Records contained in a dataset:
----------------

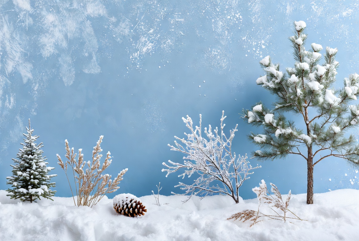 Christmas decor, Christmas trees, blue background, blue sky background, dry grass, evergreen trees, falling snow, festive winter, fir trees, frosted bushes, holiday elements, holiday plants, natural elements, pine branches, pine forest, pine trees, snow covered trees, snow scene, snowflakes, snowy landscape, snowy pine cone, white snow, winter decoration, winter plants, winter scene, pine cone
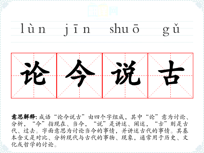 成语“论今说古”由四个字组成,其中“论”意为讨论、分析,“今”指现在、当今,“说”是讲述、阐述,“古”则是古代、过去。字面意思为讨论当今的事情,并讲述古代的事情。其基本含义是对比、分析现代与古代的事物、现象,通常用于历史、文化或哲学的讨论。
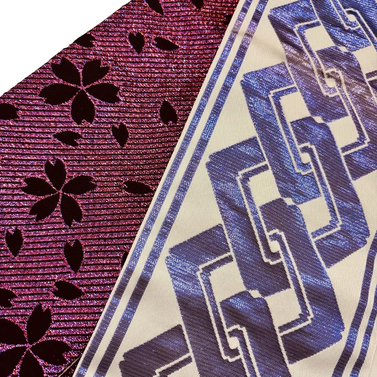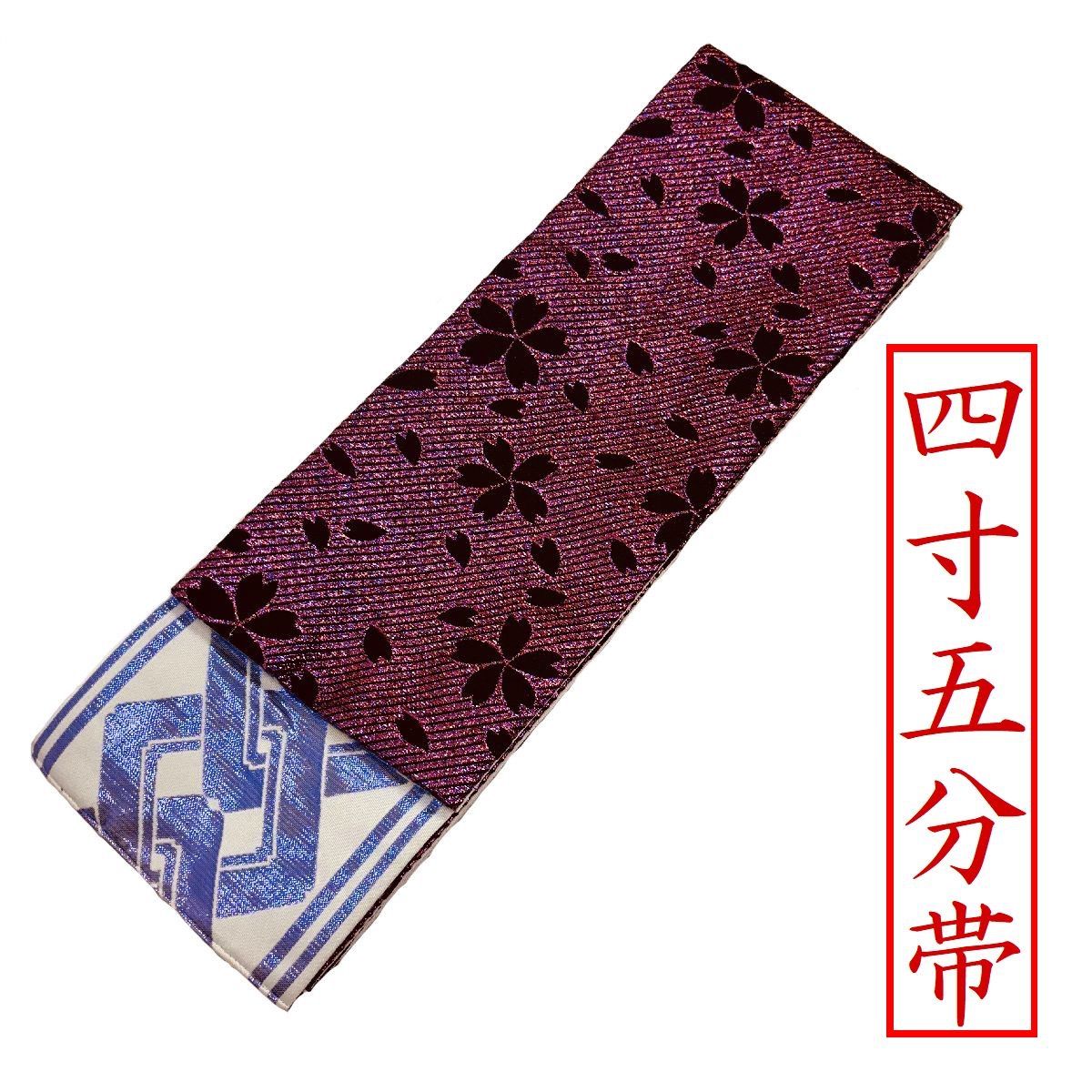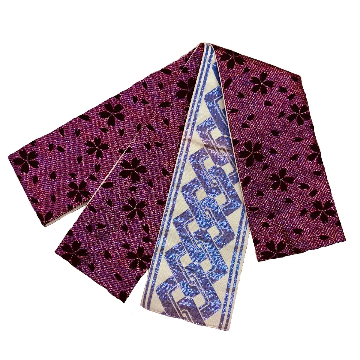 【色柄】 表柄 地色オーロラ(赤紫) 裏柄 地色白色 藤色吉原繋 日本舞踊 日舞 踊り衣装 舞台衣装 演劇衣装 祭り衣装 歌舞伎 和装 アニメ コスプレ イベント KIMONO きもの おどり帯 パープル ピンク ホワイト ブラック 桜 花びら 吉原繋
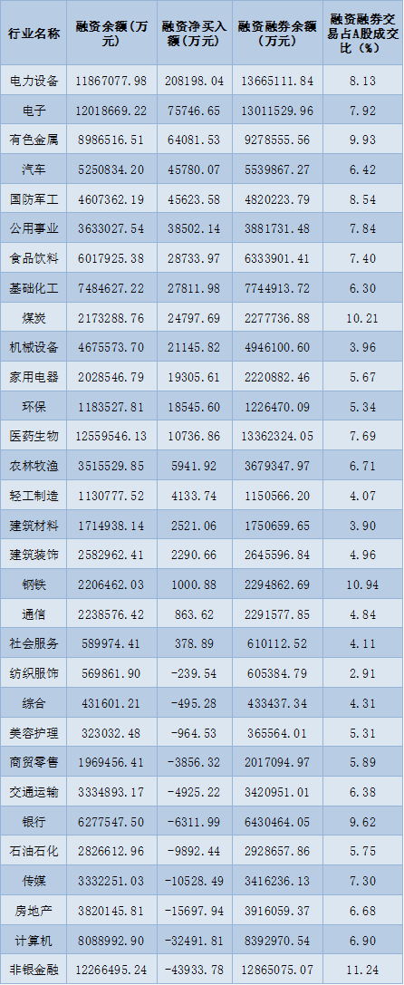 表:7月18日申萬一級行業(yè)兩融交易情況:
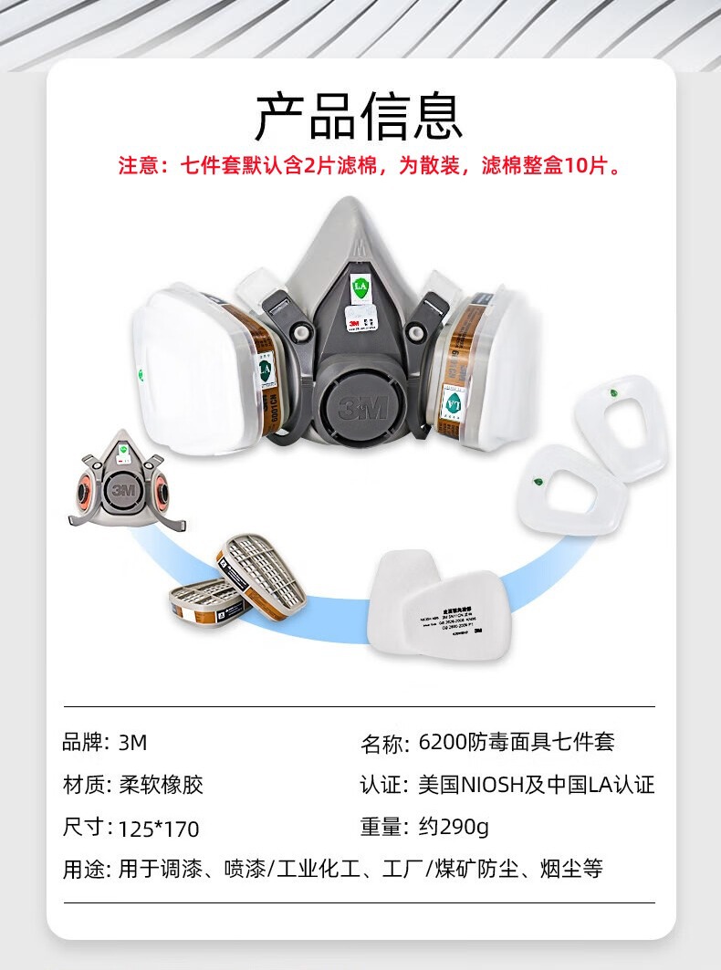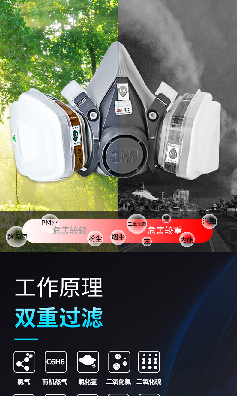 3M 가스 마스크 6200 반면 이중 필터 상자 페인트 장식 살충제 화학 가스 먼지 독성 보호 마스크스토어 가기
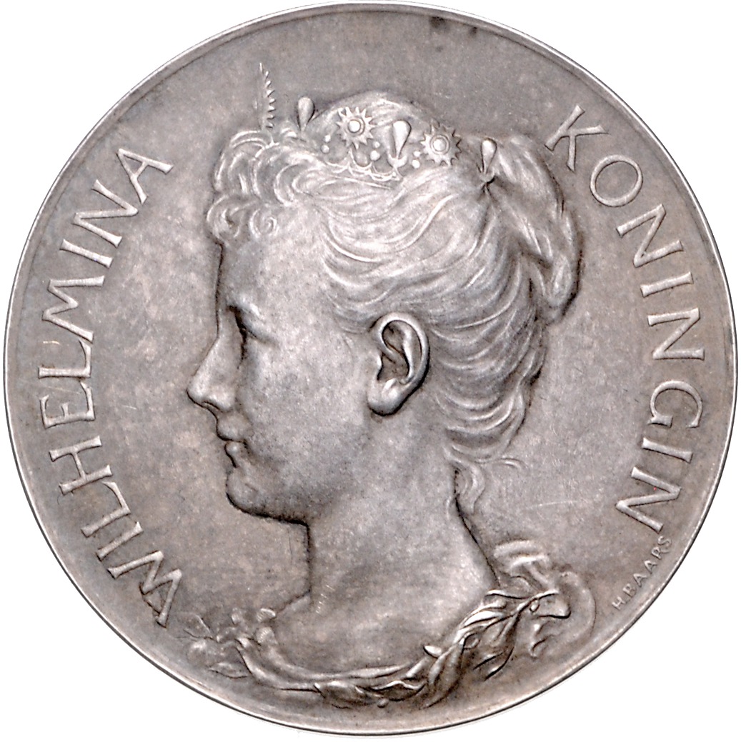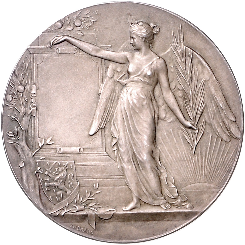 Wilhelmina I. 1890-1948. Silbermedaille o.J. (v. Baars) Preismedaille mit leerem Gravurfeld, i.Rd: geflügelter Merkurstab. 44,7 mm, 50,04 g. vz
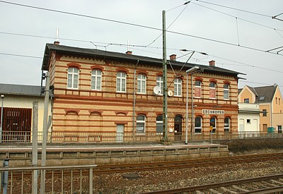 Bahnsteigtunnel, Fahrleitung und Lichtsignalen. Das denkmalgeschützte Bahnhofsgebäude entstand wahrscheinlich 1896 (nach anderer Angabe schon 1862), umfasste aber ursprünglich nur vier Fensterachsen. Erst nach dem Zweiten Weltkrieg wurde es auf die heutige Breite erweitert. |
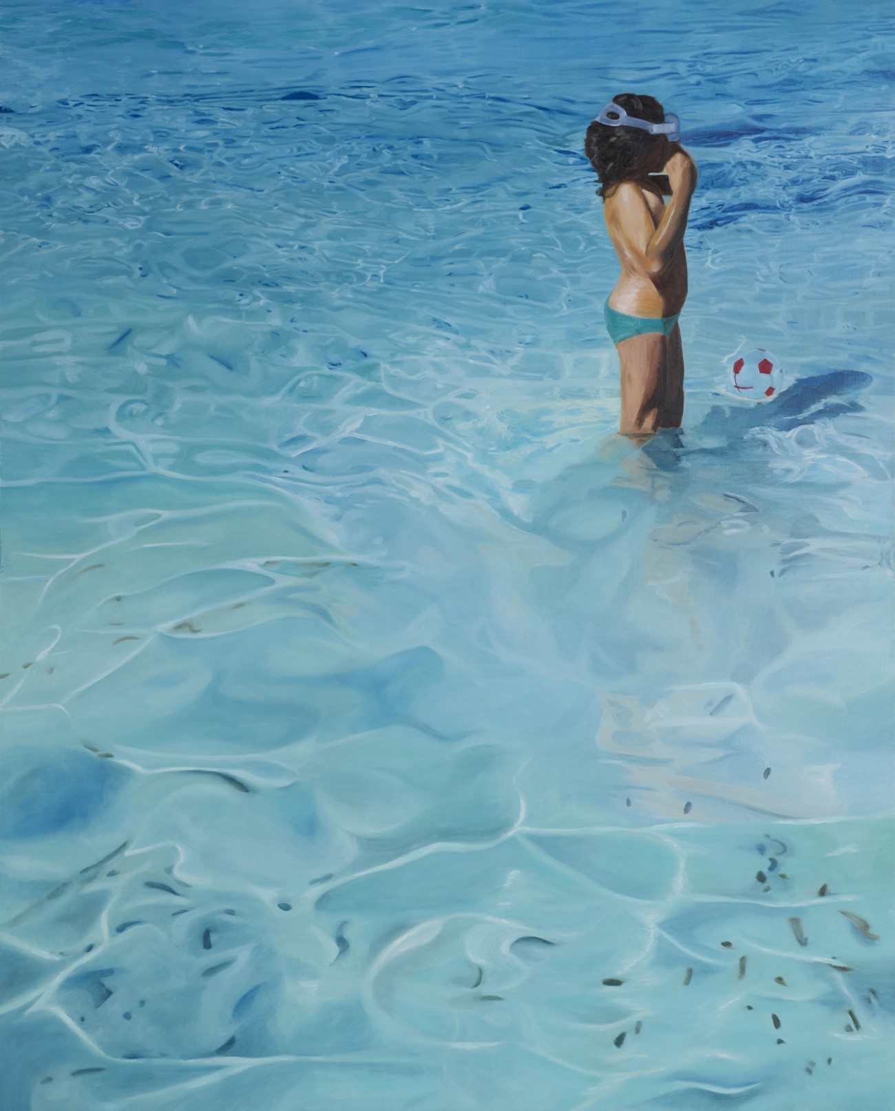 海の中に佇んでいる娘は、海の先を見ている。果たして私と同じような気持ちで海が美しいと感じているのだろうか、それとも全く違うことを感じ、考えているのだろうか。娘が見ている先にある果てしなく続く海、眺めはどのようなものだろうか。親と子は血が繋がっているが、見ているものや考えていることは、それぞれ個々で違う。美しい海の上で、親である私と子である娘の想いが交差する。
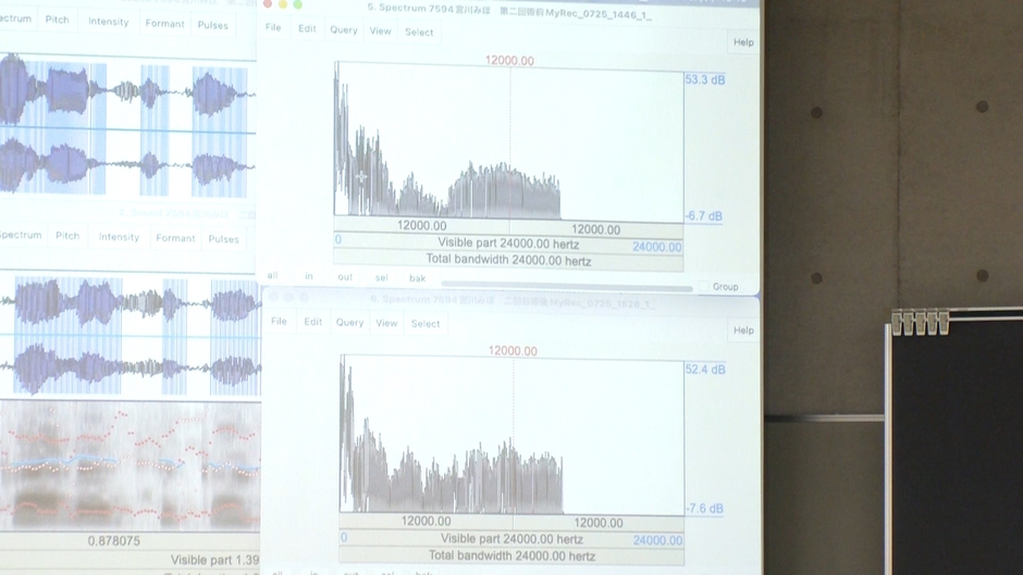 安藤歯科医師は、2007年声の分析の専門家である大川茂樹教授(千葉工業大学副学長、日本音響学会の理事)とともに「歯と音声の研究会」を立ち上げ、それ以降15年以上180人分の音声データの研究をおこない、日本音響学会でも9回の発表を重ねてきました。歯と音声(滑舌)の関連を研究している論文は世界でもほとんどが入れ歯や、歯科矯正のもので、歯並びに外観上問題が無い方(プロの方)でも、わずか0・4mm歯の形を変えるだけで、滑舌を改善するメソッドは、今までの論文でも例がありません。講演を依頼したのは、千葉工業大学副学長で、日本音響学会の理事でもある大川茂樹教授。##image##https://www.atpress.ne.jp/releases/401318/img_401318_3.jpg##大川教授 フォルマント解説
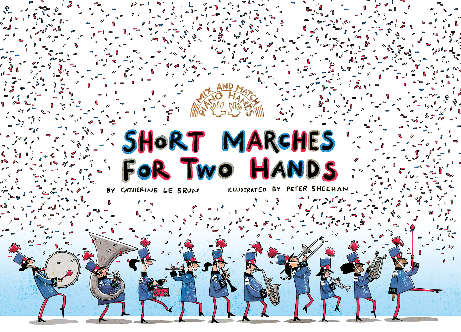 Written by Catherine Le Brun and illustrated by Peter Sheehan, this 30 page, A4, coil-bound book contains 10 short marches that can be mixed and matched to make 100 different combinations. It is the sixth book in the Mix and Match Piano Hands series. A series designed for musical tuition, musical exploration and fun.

----------------

▶ REQUIREMENT:
Copy out nothing but the lines from the beginning of the records through the one that contains "Wilhelmina I. 1890-1948.". Skip the pictures.

▶ RESULT BELOW:
 Christmas decor, Christmas trees, blue background, blue sky background, dry grass, evergreen trees, falling snow, festive winter, fir trees, frosted bushes, holiday elements, holiday plants, natural elements, pine branches, pine forest, pine trees, snow covered trees, snow scene, snowflakes, snowy landscape, snowy pine cone, white snow, winter decoration, winter plants, winter scene, pine cone
 成语“论今说古”由四个字组成,其中“论”意为讨论、分析,“今”指现在、当今,“说”是讲述、阐述,“古”则是古代、过去。字面意思为讨论当今的事情,并讲述古代的事情。其基本含义是对比、分析现代与古代的事物、现象,通常用于历史、文化或哲学的讨论。
 【色柄】 表柄 地色オーロラ(赤紫) 裏柄 地色白色 藤色吉原繋 日本舞踊 日舞 踊り衣装 舞台衣装 演劇衣装 祭り衣装 歌舞伎 和装 アニメ コスプレ イベント KIMONO きもの おどり帯 パープル ピンク ホワイト ブラック 桜 花びら 吉原繋
 表:7月18日申萬一級行業(yè)兩融交易情況:
 3M 가스 마스크 6200 반면 이중 필터 상자 페인트 장식 살충제 화학 가스 먼지 독성 보호 마스크스토어 가기
 Wilhelmina I. 1890-1948. Silbermedaille o.J. (v. Baars) Preismedaille mit leerem Gravurfeld, i.Rd: geflügelter Merkurstab. 44,7 mm, 50,04 g. vz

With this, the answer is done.